Title: A Father Remembered
Plane: Theros (pre-Godsend)
Prompt: It was odd to be in a room full of people who all seemed to look up to my dad like he was some kind of hero. A part of me wanted to see him through their eyes just for a moment. I tried to picture him as…
Genre: Hurt/Comfort
Characters (in order of appearance): OCs
Word Count: 500
It was odd to be in a room full of people who all seemed to look up to my dad like he was some kind of hero. A part of me wanted to see him through their eyes just for a moment. I tried to picture him as that warrior who had led the charge against a horde of cyclopes besieging Akros. My father was a man of action who saved thousands with his cool head and the help of his phalanx. He was everyone's friend and known as the kindest soul. All I remembered was the man who was never there and only spoke a gruff hello when he was.
I felt unsure what to say or do as I stood there, watching the embers of my father's funeral pyre burn out. Ikaia, my father's best friend put a comforting hand on my shoulder. "Come," he said.
"And as it swept down, your father stabbed the bastard in the eye." I could hear Orrin say as we approached the group of men gathered.
I had ended up roped into a few drinks with my father's old phalanx, and felt so out of place doing it. I hardly knew these men. I remembered them as the friendly fellows who would call upon my father and give me a nice pat on the head, but that was it. Still I found that I was learning more about my father than I ever had when he was alive. He sounded so amazing. Why couldn't he have been that with me?
"I'll tell ya, kid," Orrin said, slugging back more of his drink," I don't know what I'll do without old Calix around."
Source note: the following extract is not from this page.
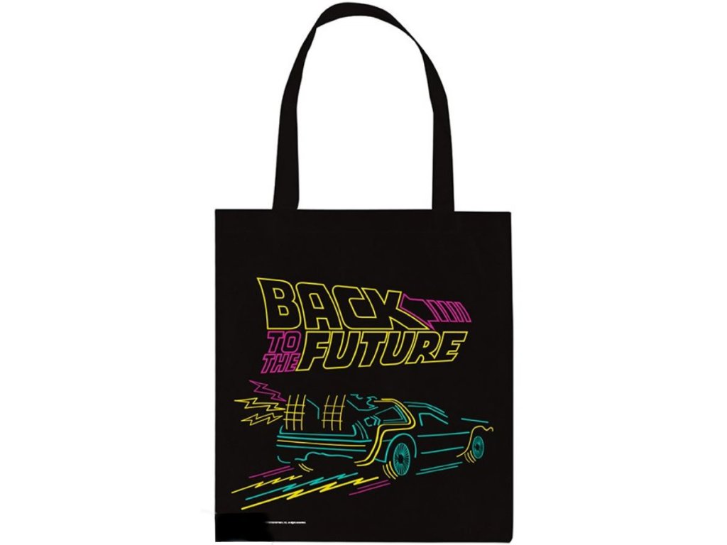 Černá shopping taška se 2 uchy s neonovým efektem Návrat do budoucnosti. Potištěno ekologickými inkousty a z udržitelných zdrojů.

"Probably drink himself to death," Ikaia muttered in my ear. "Fella once killed his whole family in a fit of madness brought on by Phenax. Your father's the only reason e never killed himself. And Barak over there? Lost his arm to a minotaur raid when he was a boy. No army would ever take him 'cept your father. Now, I fear he'll just be another poor homeless bastard like everyone told him he'd be. Old Rastus will probably turn back to whores again. He owes his son's life to your father. Kept him straight so his wife wouldn't leave him. And me, I guess this is the last you'll see of me. I figure with your father gone, my old crimes will catch up with me."
I said nothing, trying to determine if this was all true or just the drink, but Ikaia was never more serious. "We all saw our fair share of horrors, but your father was the one who always kept us going through it. He made us remember the people we had to come home to. You he never worried about. He knew you would be a fine man. It was the rest of us who needed a father like him."
In a strange way, my father's funeral gave me a better understanding of him.